MIMO-STBC Based Multiple Relay Cooperative Communication Over Time-Selective Rayleigh Fading Links With Imperfect Channel Estimates

Abstract

This paper analyzes the effect of time-selective fading arising due to node mobility and imperfect channel estimates on the end-to-end performance of multiple-input multiple-output space-time block coded multiple relay cooperative communication systems. Both dual-phase and multi-phase selective decode-and-forward relaying protocols are considered for the end-to-end communication in a multiple relay cooperative system, followed by presentation of complete analyses for the same. For each protocol, closed-form expressions are derived for the per-frame average pair-wise error probability and asymptotic error floor over independent and nonidentical time-selective Rayleigh fading links. A framework is also developed for obtaining the optimal source relay power factors for each of the above protocols, which significantly improve the end-to-end reliability of the system for a given power budget.
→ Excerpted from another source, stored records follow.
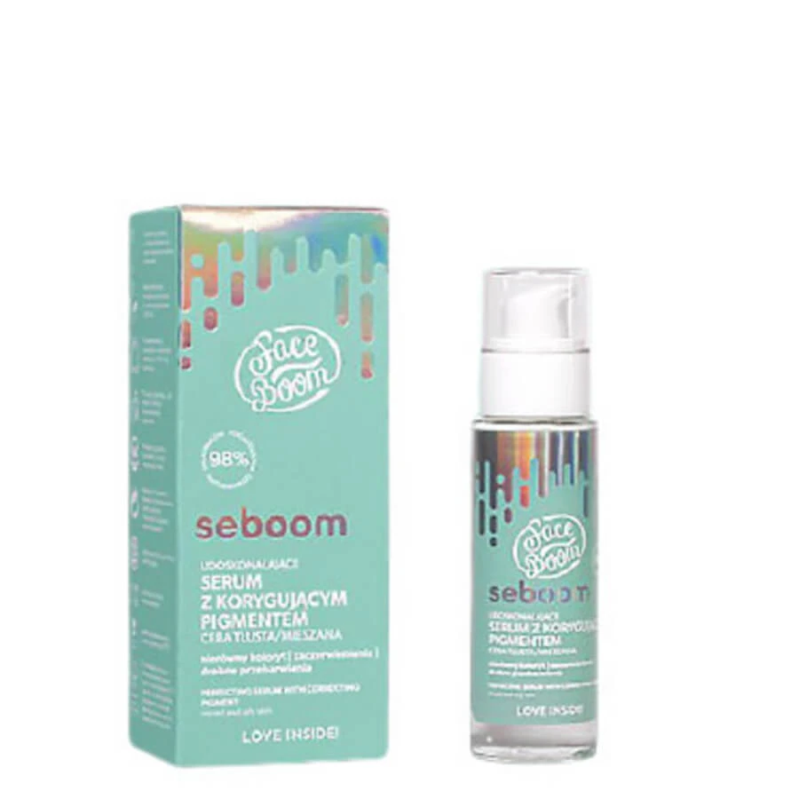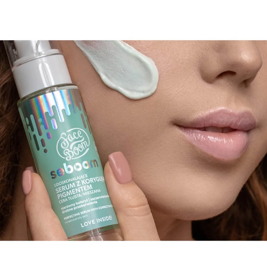 The perfecting serum with correcting pigment from the seboom series restores oily and combined skin’s natural balance and freshness. The natural serum makes redness on the skin less visible, and even uneven skin tone. It has a light formula, green in colour, which changes into a delicate beige shade in contact with the skin.
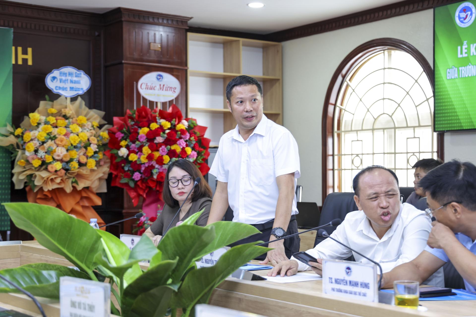 Ông Nguyễn Trí Lục - Phó Trưởng Khoa giáo dục Thể chất phát biểu tại buổi lễ Ký kết hợp tác
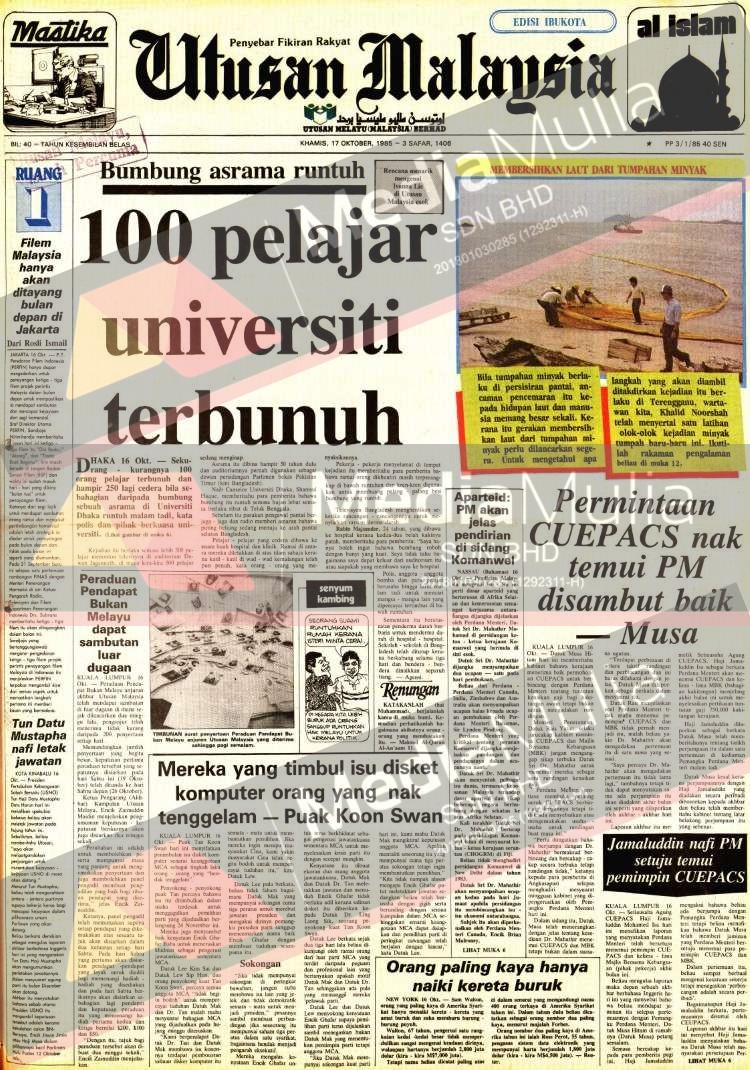 Dapatkan maklumat lanjut di Pusat Maklumat dan Arkib Media Mulia Sdn Bhd. Sebarang urusan pertanyaan atau pembelian bahan-bahan arkib sila hubungi kami di nombor telefon: 03-74556428/019-3330317 atau e-mel ke: [email protected]
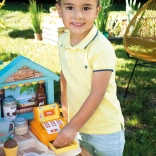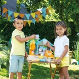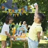 Bogaty zestaw 38 akcesoriów obejmuje wytwornicę lodów, rożki i gałki, łyżkę do lodów, owocowy szaszłyk, posypki, naczynia, sztućce i kasę. Dzięki kompaktowym wymiarom stragan świetnie sprawdzi się w ogrodzie, parku i na plaży – idealny dla małych gospodarzy letnich przyjęć.
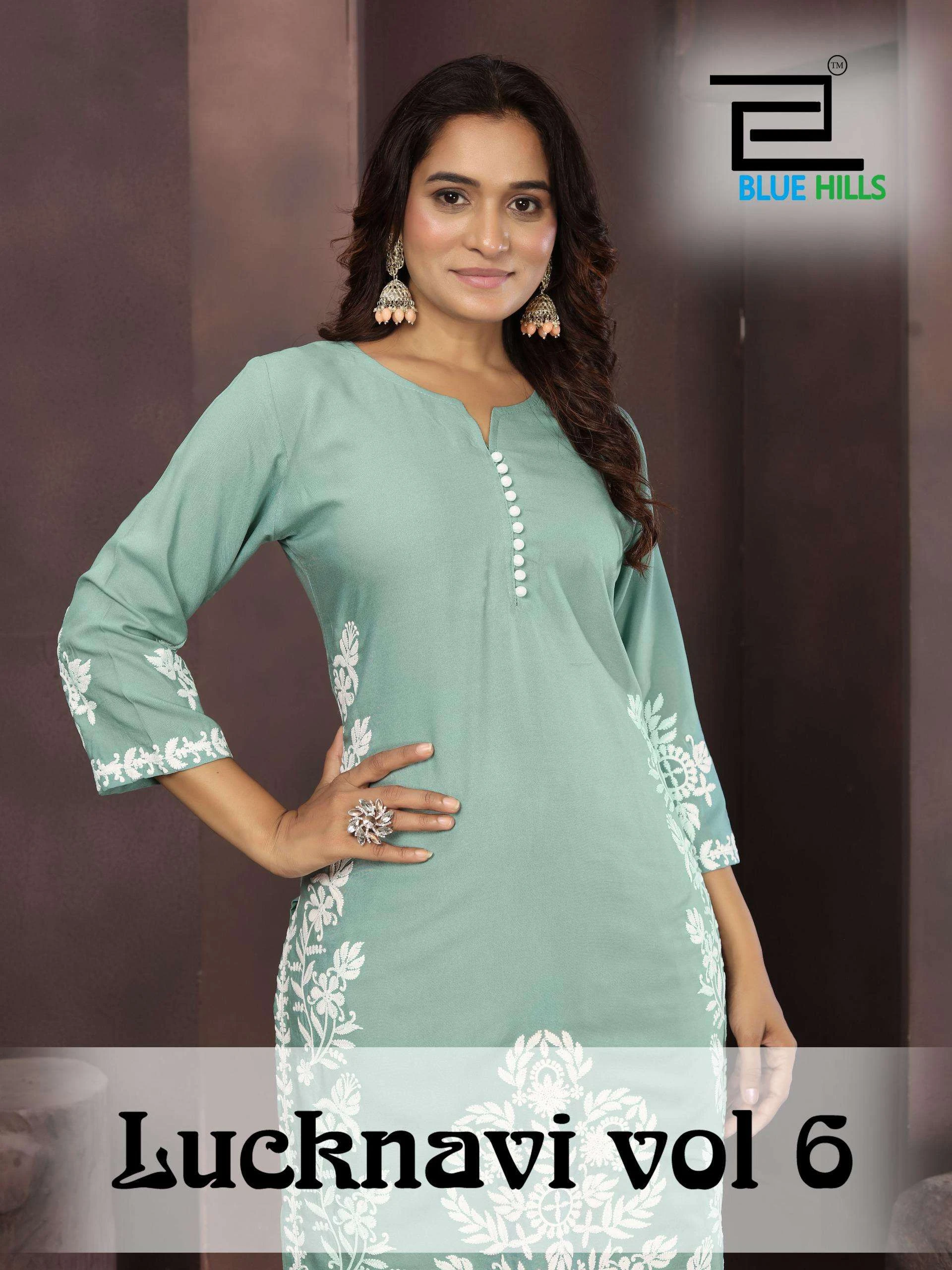 Blue Hills Lucknavi Vol 6 Rayon Wholesale Kurti with Pant Collection

It is shown that both the multirelay systems achieve the full diversity order (DO) when all the nodes are static and perfect channel estimates are available at each receiving node. The DO of the system reduces to that of the direct source–destination link for a scenario when only the relays are mobile. Interestingly, however, in other mobile scenarios, both the systems are limited by an asymptotic error floor with increasing signal to noise ratio. Further, the impact of DO of the source–relay and relay–destination links on the optimal source–relay power allocation is also explicitly demonstrated. Simulation results yield several important insights into the end-to-end error performance for different mobility conditions and also validate the derived analytical results.